Заснеженные тротуары Невского пестрели черными пятнами следов. Порфирий Петрович шел, наклонив голову. Он словно вчитывался в прихотливые цепочки с оттисками подошв, как будто те могли вывести его к разгадке тайны; иными словами, к загадочному убийце. Хотя на тротуар он смотрел скорее потому, что избегал смотреть на небо — напоминание о вечности, словно отстраненно взирающее сверху на людскую суету. Столь же безучастно взирали на нее и громады зданий. Живым теплом согревала шею лишь цепочка с нательным крестиком.

Было уже около полудня, но день выдался сумеречным, блеклым. Серость улиц разбавлялась лишь светом витрин да фонарями экипажей, плывущими в промозглой сизоватой дымке. Местами проезжую часть пересекали густые вереницы прохожих. Чтобы не мешать себе и другим, приходилось поневоле встраиваться в немолчный ритм людского движения. Встречные колонны пешеходов смотрелись эдаким строем неприятельской армии.

И над всем этим реял сонм колких снежинок.

Номер 22 представлял собой трехэтажное здание на северной стороне, как две капли воды похожее на номер 24, что высился на той стороне проспекта возле лютеранской церкви. Летом здесь как раз находилась солнечная сторона, хотя в такой день, как сегодня, все стороны были одинаково пасмурны. Первый этаж — магазины: кулинария, бакалейная лавка с ярко намалеванной вывеской, салон меховщика, мужская галантерея, и, наконец, «Механические приспособления». Остальное — присутственные помещения с конторами, и прежде всего — Издательский дом Смирдина. Здесь же, кстати, располагался и объект поиска — издательство «Афина», указанное на философских книжках, выкупленных у процентщика Лямхи.
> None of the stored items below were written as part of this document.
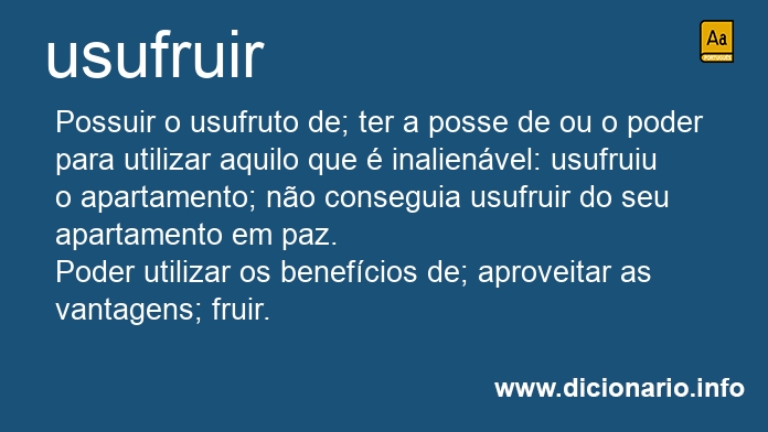 Possuir o usufruto de; ter a posse de ou o poder para utilizar aquilo que é inalienável: usufruiu o apartamento; não conseguia usufruir do seu apartamento em paz.
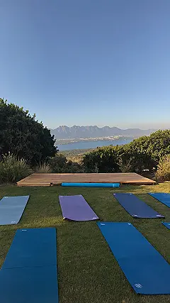 Feeling like your brain is doing homework sprints and social media marathons all at once? Check out this spot! It’s basically the ultimate chill zone, lined up with colourful mats like tiny, comfy islands waiting for you. This is what ‘mindful space’ looks like when it decides to throw a party outside with an awesome view of mountains and water. No pop quizzes here, just grass, fresh air, and maybe a squirrel watching you try not to fall over in Tree Pose while thinking about what’s for dinner.
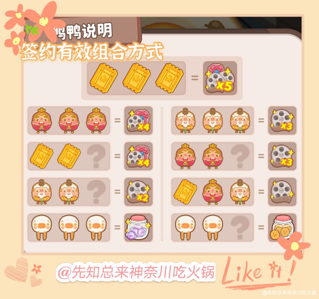 3.签约鸭的不同组合方式会得到不同的资源。具体如下图所示:(图中未排列出的组合即为签约失败)
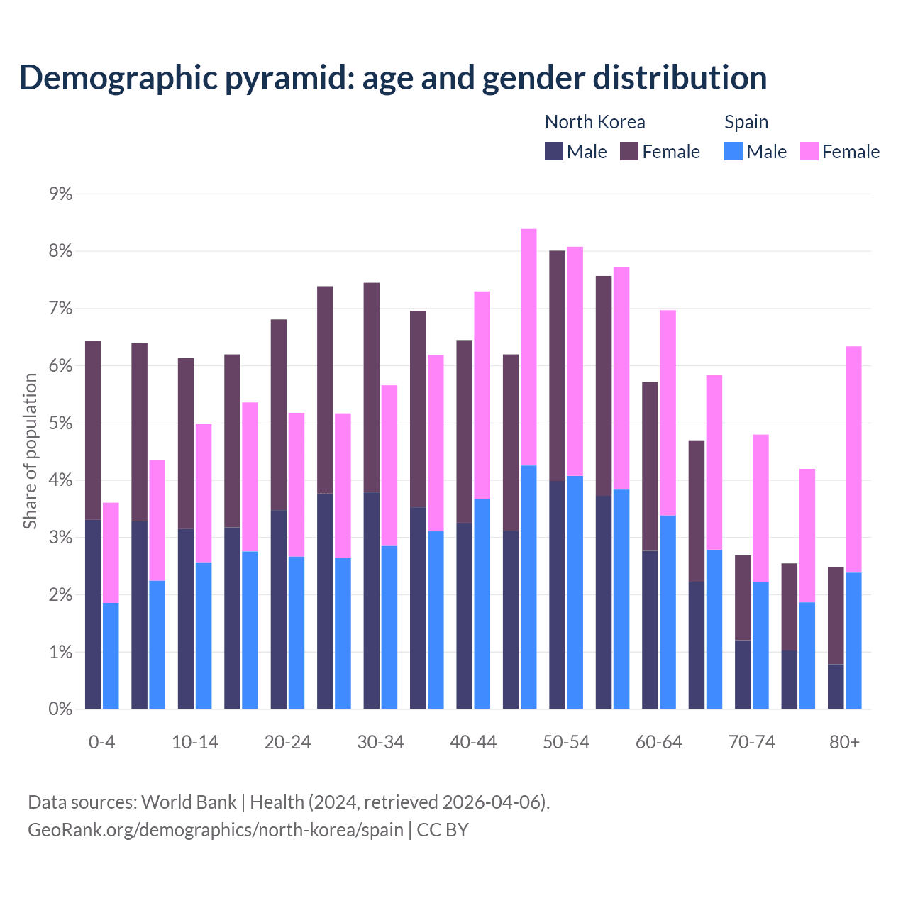 Demographics of North Korea compared to Spain:

Оставив галоши в мраморном вестибюле под присмотром неприступного на вид швейцара (надо же, какая глыба: судя по бакенбардам и грозному взгляду, ну чисто генерал), наверх Порфирий Петрович поднялся в сопровождении его более подвижного сотоварища (судя по всему, отставного солдата, для которого сидеть сложа руки — сущее мучение). С готовностью вскочив, тот всем своим видом выразил живейшее желание проводить их благородие до места. «Сами-то ни в жисть не найдете, вашскородь, — жизнерадостно сообщил он, — хоть тыщу лет ищите!»

Разумеется, впереди ждали лестничные пролеты, лабиринт коридоров, многочисленные углы и бессчетные нумерованные двери с табличками присутственных мест.

— Вот видите, вашскородь! Куда б вы без меня! — бодрым голосом возгласил провожатый. Но вскоре, судя по всему, запутался и он, хотя виду не подавал. Это было ясно лишь по тому, что он несколько замедлил шаг. Наконец, встретившись в одном из коридоров с молоденьким посыльным, несущим под мышкой стопку бумаг, он начальственно его окликнул:

— Эй! «Афина» где?

— Этажом ниже, в семьдесят втором!

— Как будто б я сам не знаю! Они что, переехали, что ль?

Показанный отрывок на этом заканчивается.